ABOUT THIS EXERCISE
Reproduce the listing below from the line with "Condo House in" to the line with "14K Gold | YG", both lines included, character for character, minus any pictures.

RECORDS
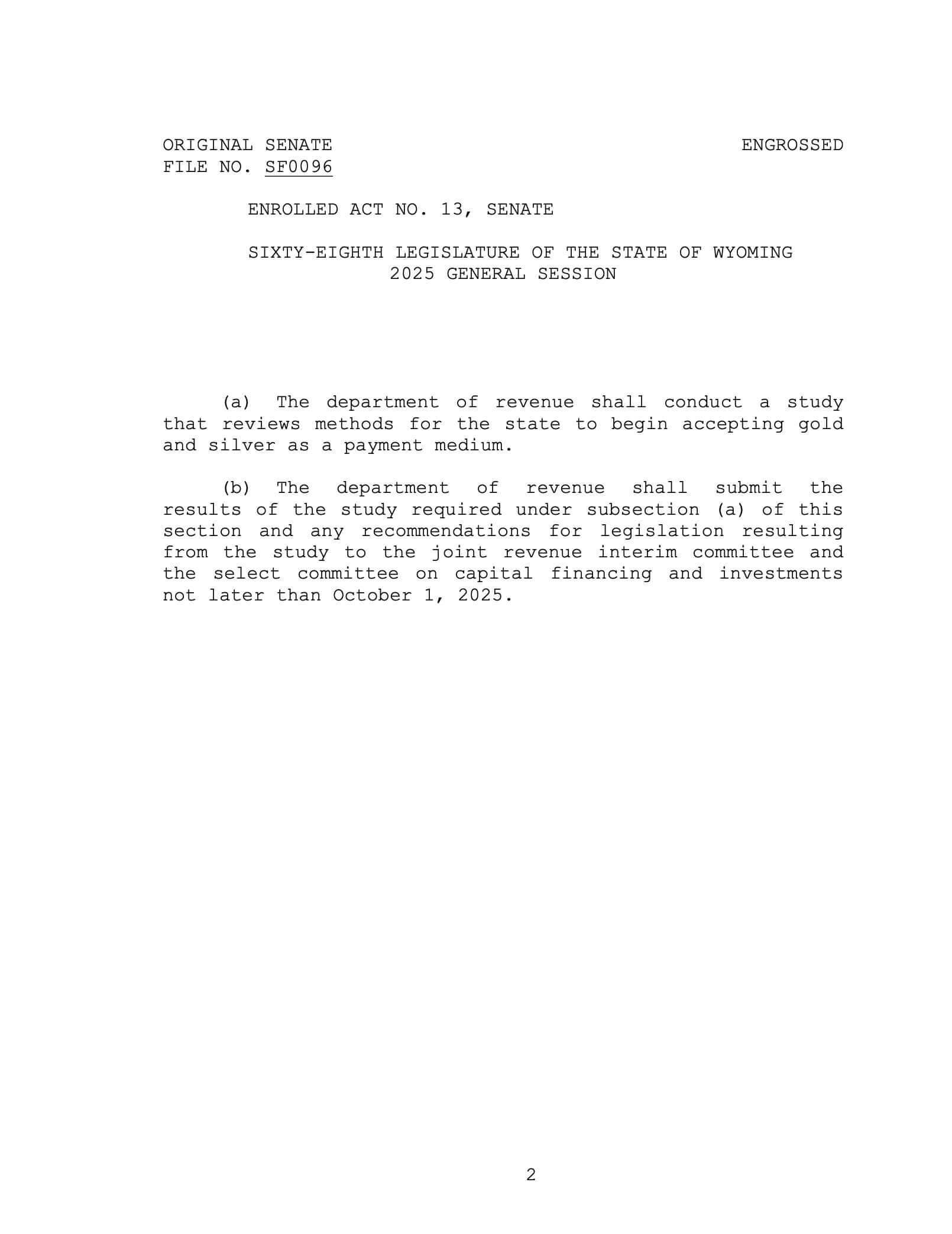 Beyond establishing a physical gold reserve, the legislation directs the Wyoming Department of Revenue to conduct a comprehensive study on methods for the state to begin accepting gold and silver as payment mediums. The department must submit its findings and any recommendations for further legislation to the joint revenue interim committee and the select committee on capital financing and investments by October 1, 2025.
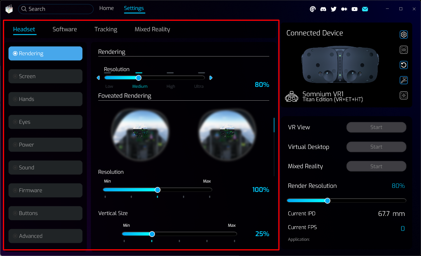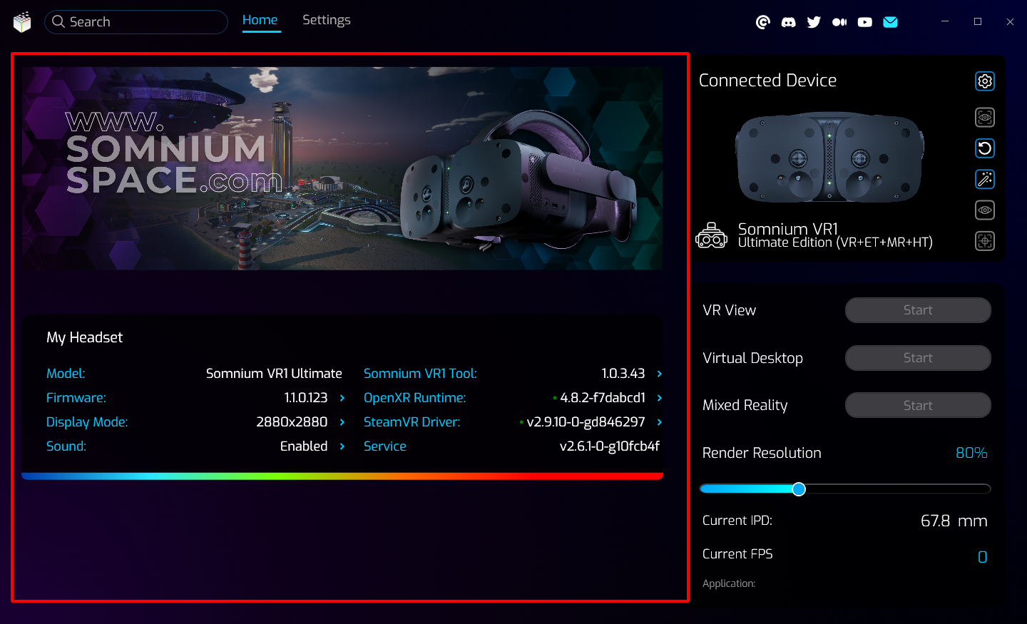 The rest of the Somnium VR1 Tool window will change depending on the specific page you are accessing, for example My Headset section on the Homepage, or detailed options on the Settings pages.
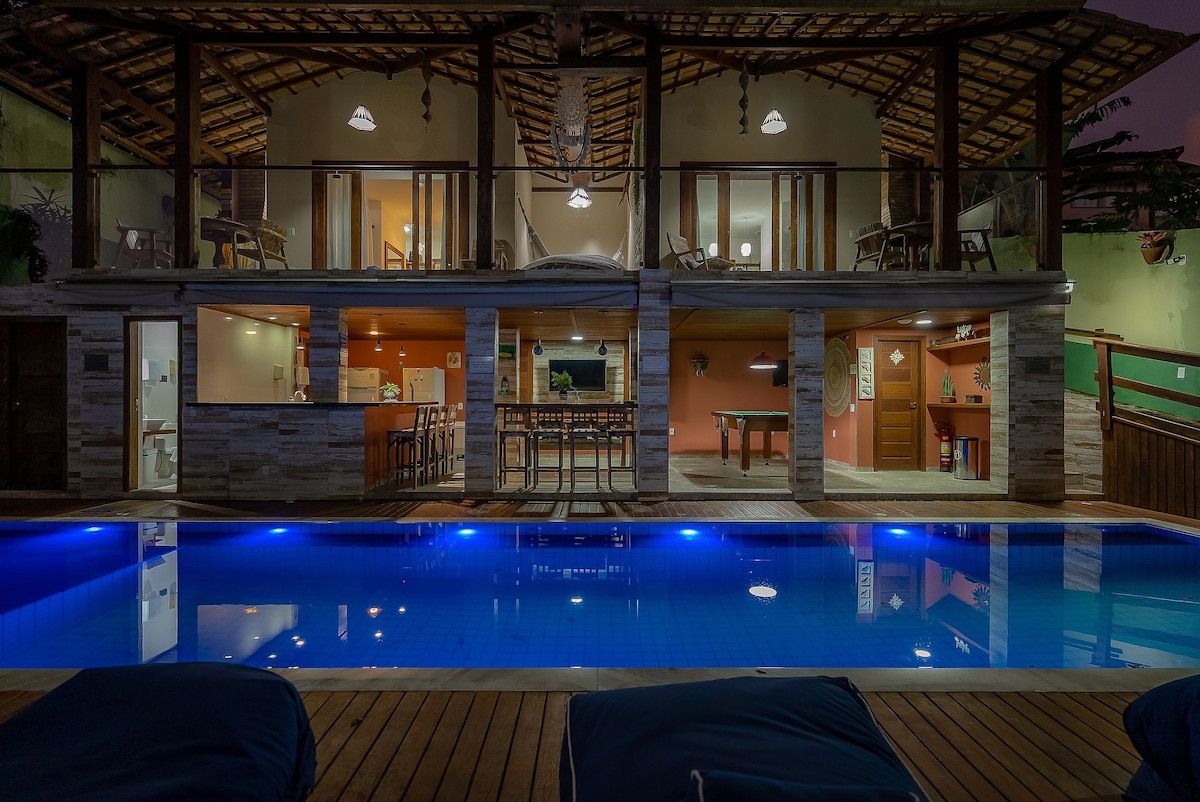 Condo House in Villa Maritaca, 3 suites (double and single bed) with air conditioning and fan, full kitchen with cooktop, microwave, and air fryer, living room with cable SmarTV, 100Mb WIFI, barbecue grill, and balcony, 5 minutes walk from Mucugê street. Parking with electronic gate, sand sports court, gourmet area, game room with pool table and SmartTV, pool with beach area and hydro jets, large deck with sun loungers and beautiful views of Mucuge Valley in perfect harmony with nature.
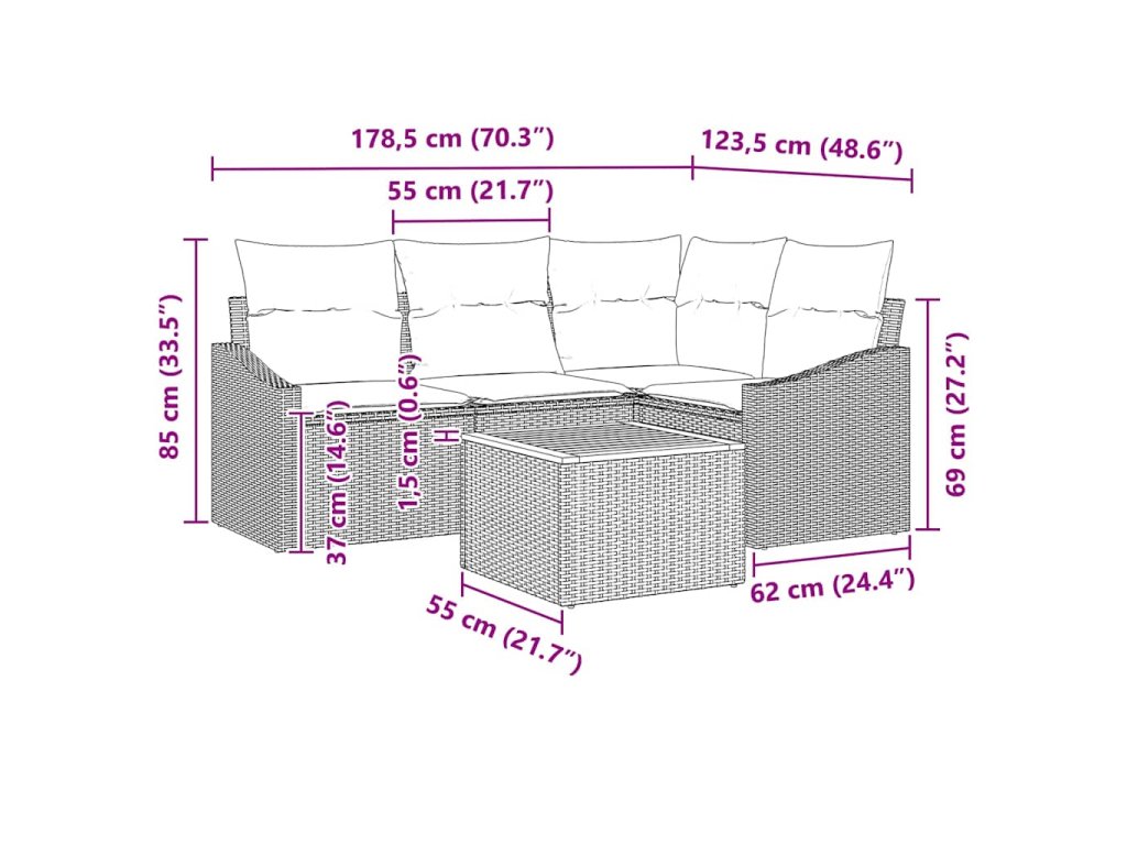 - Co je v balení: 1 x střední sedadlo včetně úložné funkce, 1 x rohové sedadlo včetně úložné funkce, 2 x armsofa včetně úložné funkce, 1 x zahradní stůl
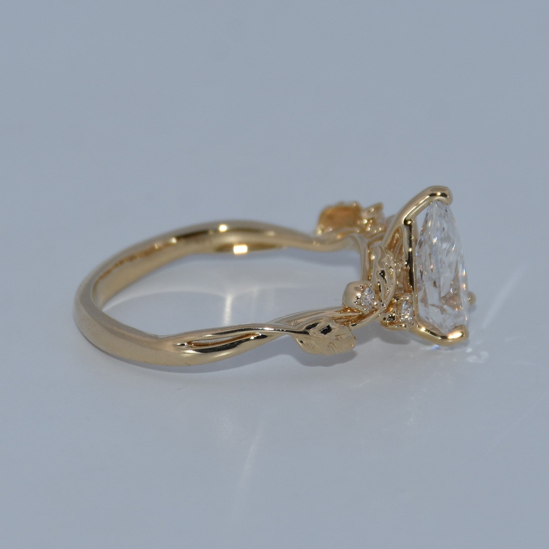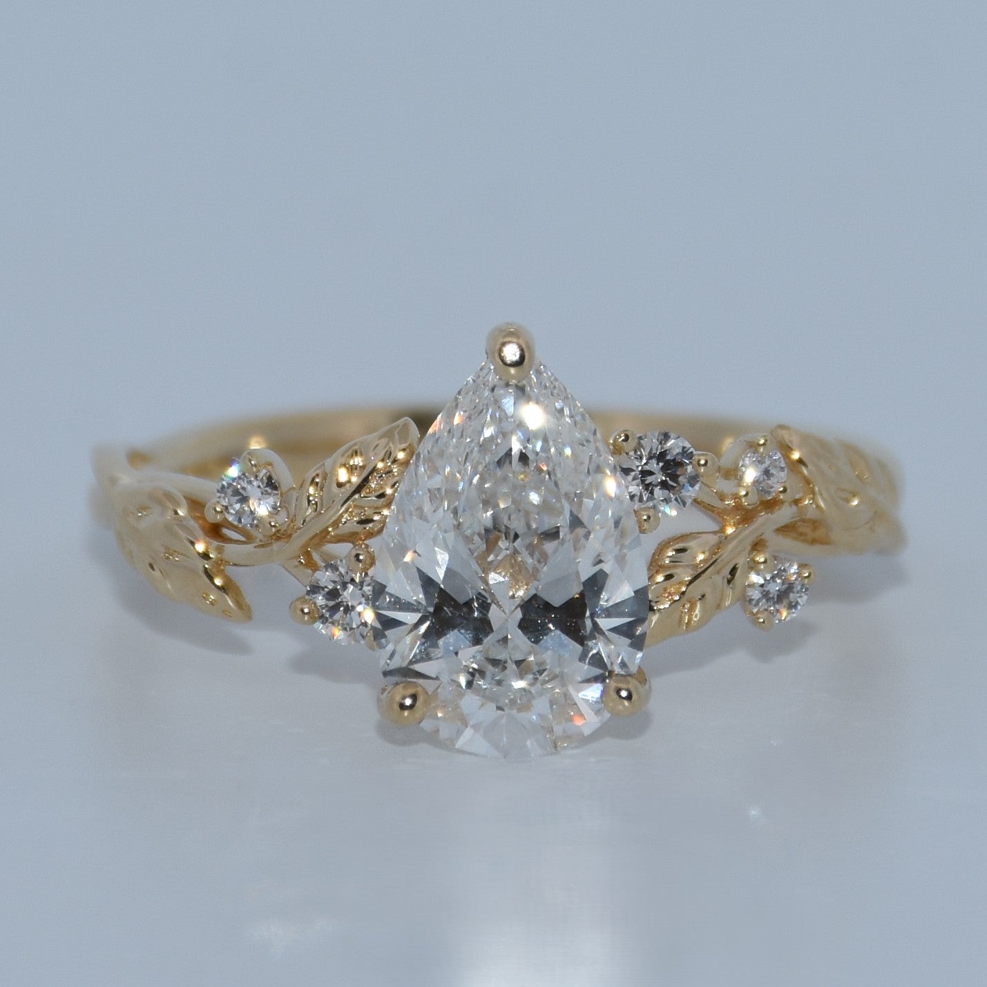 14K Gold | YG Lyria Bridal 1.69cttw Lab Pear w/ Natural Round Diamonds in Leaf Motifs Accent Engagement Ring
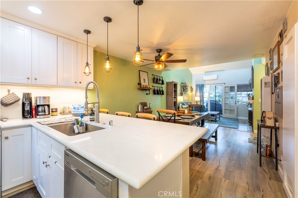 Beautifully Remodeled top floor unit offering an open floor plan, cathedral ceilings and an abundance of natural light. The Spacious Living room with Fire Place Opens to a private deck with new LG washer and dryer in the laundry room. Enjoy your newly remodeled kitchen, soft close cabinets with led lighting and a smooth quartz countertop. All new Samsung Appliances Refrigerator, Stove, Microwave, and Dishwasher. New Laminate Flooring throughout. The Master bathroom is completely remodeled with a porcelain tile shower, new vanity, faucets, light fixtures, and mirror. The second bathroom completely remodeled with ceramic Tile tub and New Vanity, light fixtures, and faucet. Gated community with 2 car parking included along with storage. The location is ideal to local restaurants, bars and shopping and located close to Cal State Long Beach.
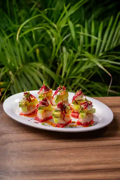 Callo de hacha, atún fresco, queso crema y aguacate con mermelada agridulce.

WRITTEN ANSWER
 Condo House in Villa Maritaca, 3 suites (double and single bed) with air conditioning and fan, full kitchen with cooktop, microwave, and air fryer, living room with cable SmarTV, 100Mb WIFI, barbecue grill, and balcony, 5 minutes walk from Mucugê street. Parking with electronic gate, sand sports court, gourmet area, game room with pool table and SmartTV, pool with beach area and hydro jets, large deck with sun loungers and beautiful views of Mucuge Valley in perfect harmony with nature.
 - Co je v balení: 1 x střední sedadlo včetně úložné funkce, 1 x rohové sedadlo včetně úložné funkce, 2 x armsofa včetně úložné funkce, 1 x zahradní stůl
 14K Gold | YG Lyria Bridal 1.69cttw Lab Pear w/ Natural Round Diamonds in Leaf Motifs Accent Engagement Ring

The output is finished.